본문바로가기

Case Report

Fungal Melanonychia Caused by Cladosporium Species: A Case Report

Abstract

Fungal melanonychia is typically associated with onychomycosis and is known to be a relatively uncommon nail disorder. The known pathogens causing fungal melanonychia include both dematiaceous and non-dematiaceous fungi. Here we describe the case of a 60-year-old man with a 1-year history of nail discoloration in both index fingers. The possibility of subungual neoplasm was excluded by histological examination. Subsequent mycological examination revealed the presence of Cladosporium species in the lesion. The patient was successfully treated with oral itraconazole.



Keywords



Cladosporium Fungal melanonychia Melanonychia



INTRODUCTION

Onychomycosis is defined as an infection of the nails by fungal organisms, including by dermatophyte and nondermatophyte mold and yeast. Melanonychia is usually detected by a brown or black pigmentation of the nail plate. Fungal melanonychia refers to melanonychia associated with onychomycosis and is a relatively rare nail disorder1. However, an increasing number of patients are being diagnosed with this condition recently, and it is expected that a higher number of causative species may be identified in the future2. Here we present a case of fungal melanonychia caused by Cladosporium.

CASE REPORT

A 60-year-old man presented with a 1-year history of nail discoloration in both index fingers. The left nail showed a heterogeneous brown-to-black color change with some yellowish feature at the distal part of the nail (Figure 1A). The right nail showed discoloration in only half of the nail (Figure 1B). He had no other subjective symptoms, such as pain or pruritus. He had been receiving medication for hypertension, with no noted recent medication changes. Laboratory findings were within the normal limits, except for a mild increase in hepatic enzyme levels (aspartate aminotransferase and alanine aminotransferase). No abnormal findings were noted on the serological study.

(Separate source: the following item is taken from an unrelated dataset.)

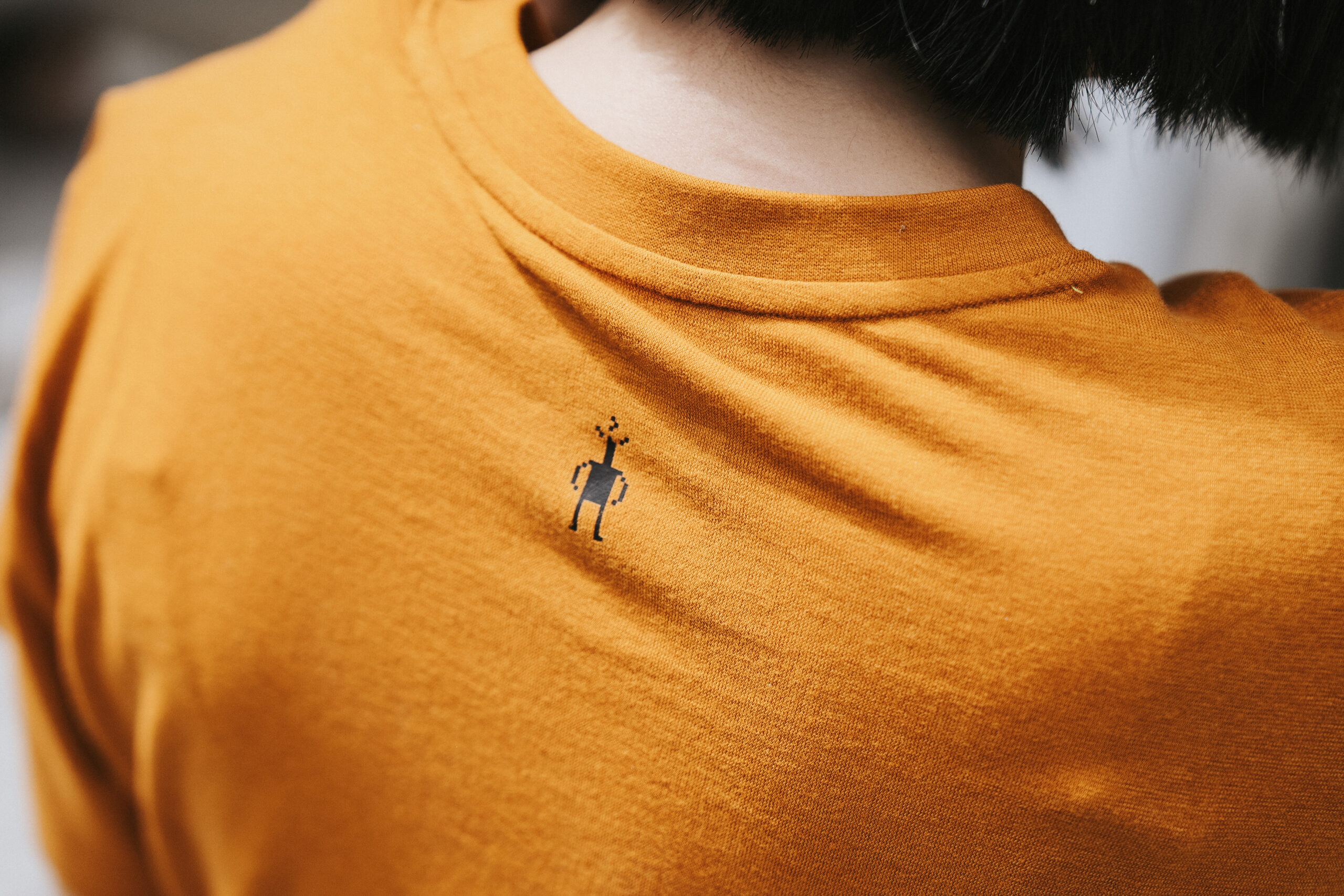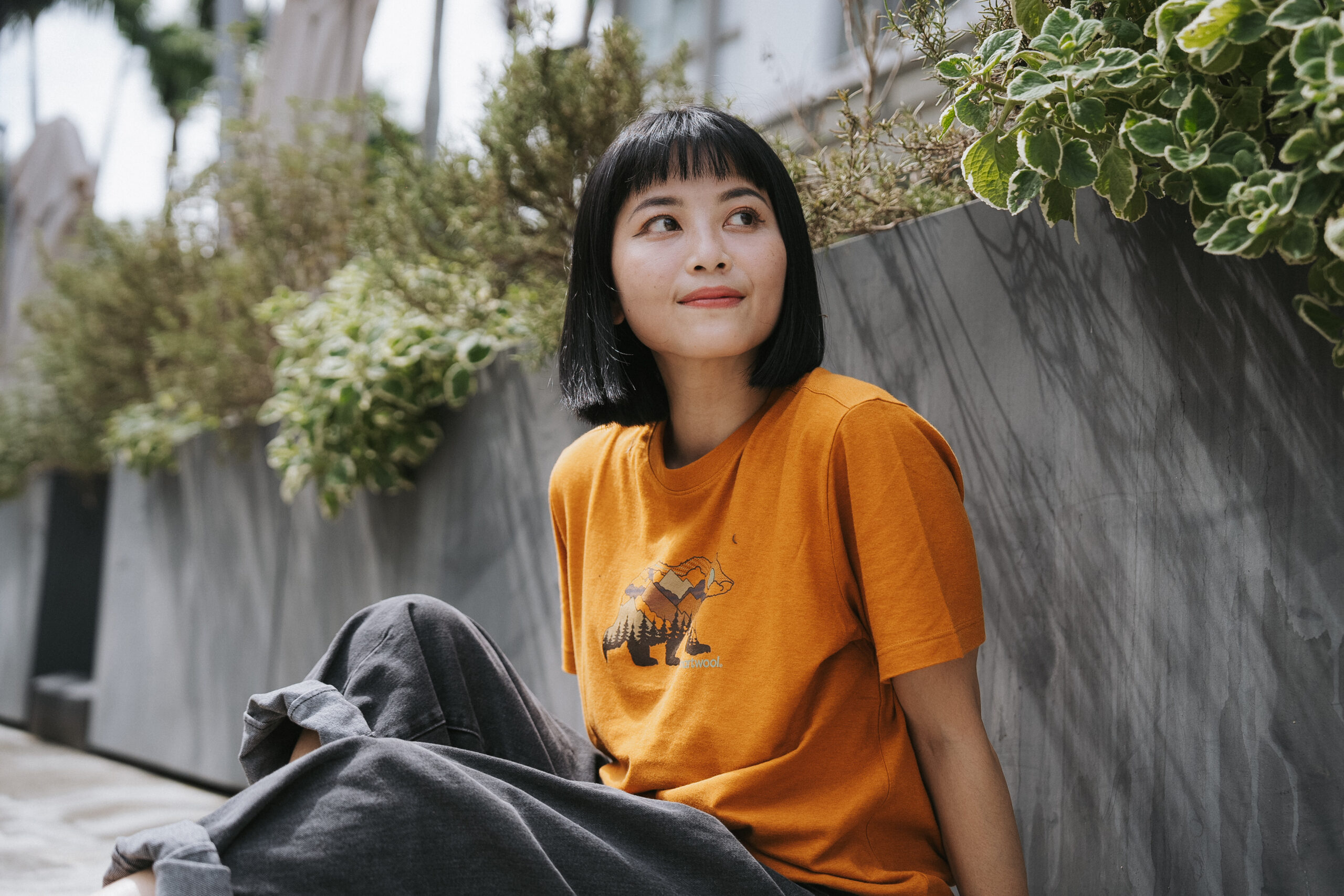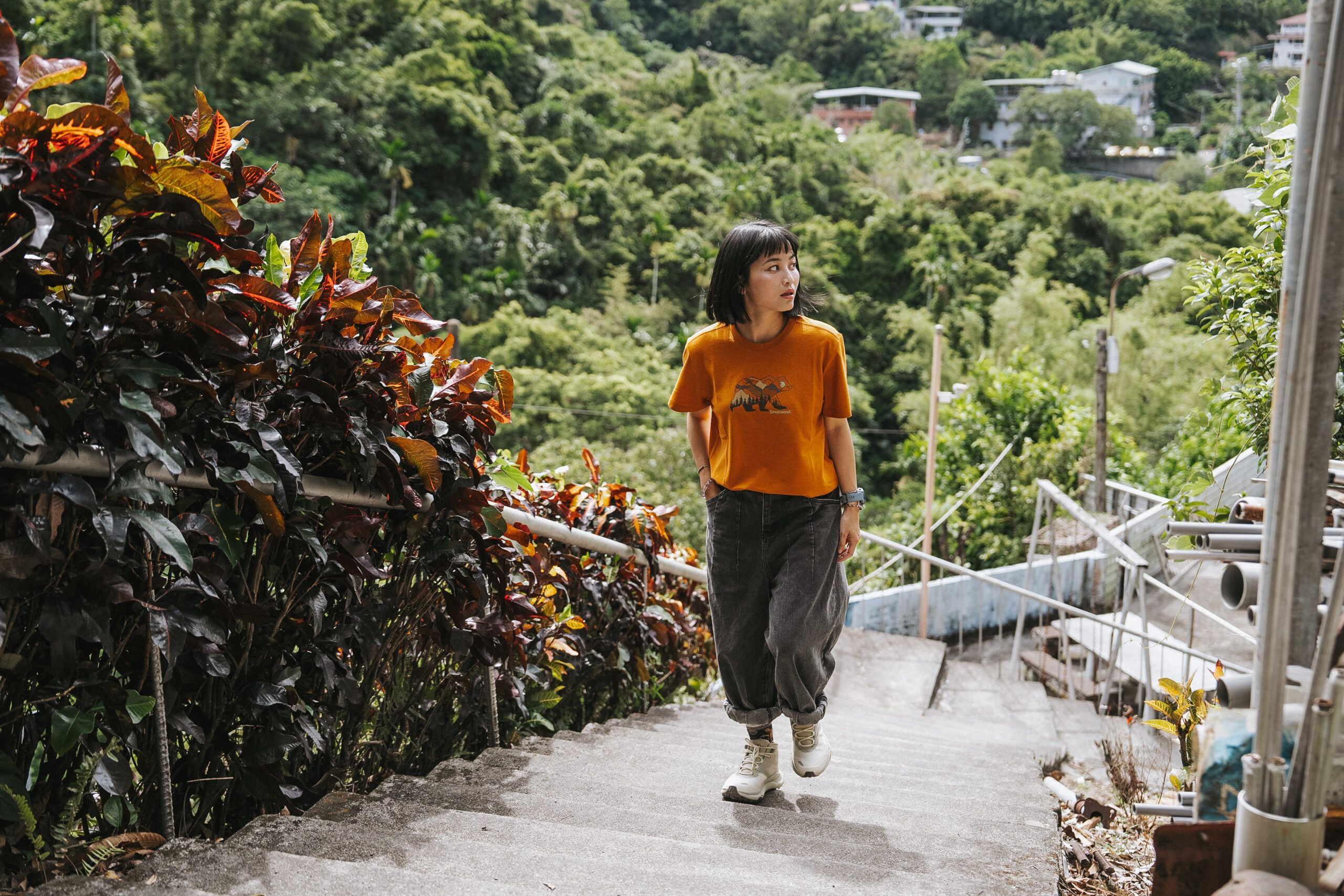 在結束森林裡的半日露營後,我們跟著 Sara 來到山腳下的一家咖啡廳,她也換上 Smartwool 塗鴉短 Tee,亮眼的南瓜橘色搭配小熊山林圖樣,俐落中帶著俏皮感。Sara 說:「我自己很喜歡這套搭配,很適合我回到自由工作者時的穿著,下了航班後不是在戶外就是在城市裡來回奔波,羊毛單品那種不悶黏的自在感,真的很貼心。」
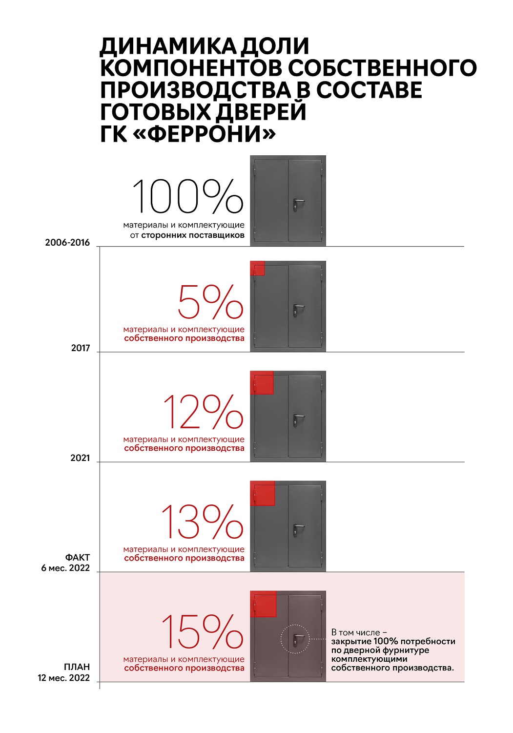 В марте компания поставила перед собой задачу по углублению импортозамещения и направила все силы на ее реализацию. Помимо увеличения доли собственного производства дверей, к октябрю текущего года вся необходимая фурнитура будет производиться собственными силами эмитента.

Figure 1. Involved nails (A) Left nail (B) Right nail

To confirm the cause of the pigmentation, we performed a nail biopsy and a mycological study. On biopsy, lichenoid lymphocytic infiltration was noted in the nail matrix, but there was no increase in the melanocytic activity of the skin. Therefore, we considered that the discoloration was not due to a change in melanin pigmentation in the nail bed, matrix, or plate. The mycological study included a KOH test and culture with samples collected directly from the involved nail plate. Sabouraud dextrose agar was used for this purpose. No definite hyphae were observed using the KOH test. However, in the cultures, black-to-brown fungal colonies were observed with a velvet-like surface (Figure 2A, B). Microscopic examination using typical adhesive tape preparation with lactophenol revealed the presence of dark pigmented septate hyphae and dark brown conidiophores. The typical chains of oval-shaped conidia were observed (Figure 3). Subsequently, RNA sequence analyses of the ITS1 and ITS2 regions were performed, and the results were assessed using the BLAST program. Results indicated a high similarity with Cladosporium species. Based on these results, we made a diagnosis of fungal melanonychia caused by Cladosporium. The patient was subsequently treated with 200 mg daily itraconazole and topical efinaconazole for 3 months.

Figure 2. Morphology of the fungus (A) Black-to-brown fungal colonies with a velvety surface (B) Opposite side of the fungal colonies (black boxes were used to blind patient information)
Figure 3. Septate pigmented hyphae and oval-shaped conidia with a chain appearance (×1,000, lactophenol preparation)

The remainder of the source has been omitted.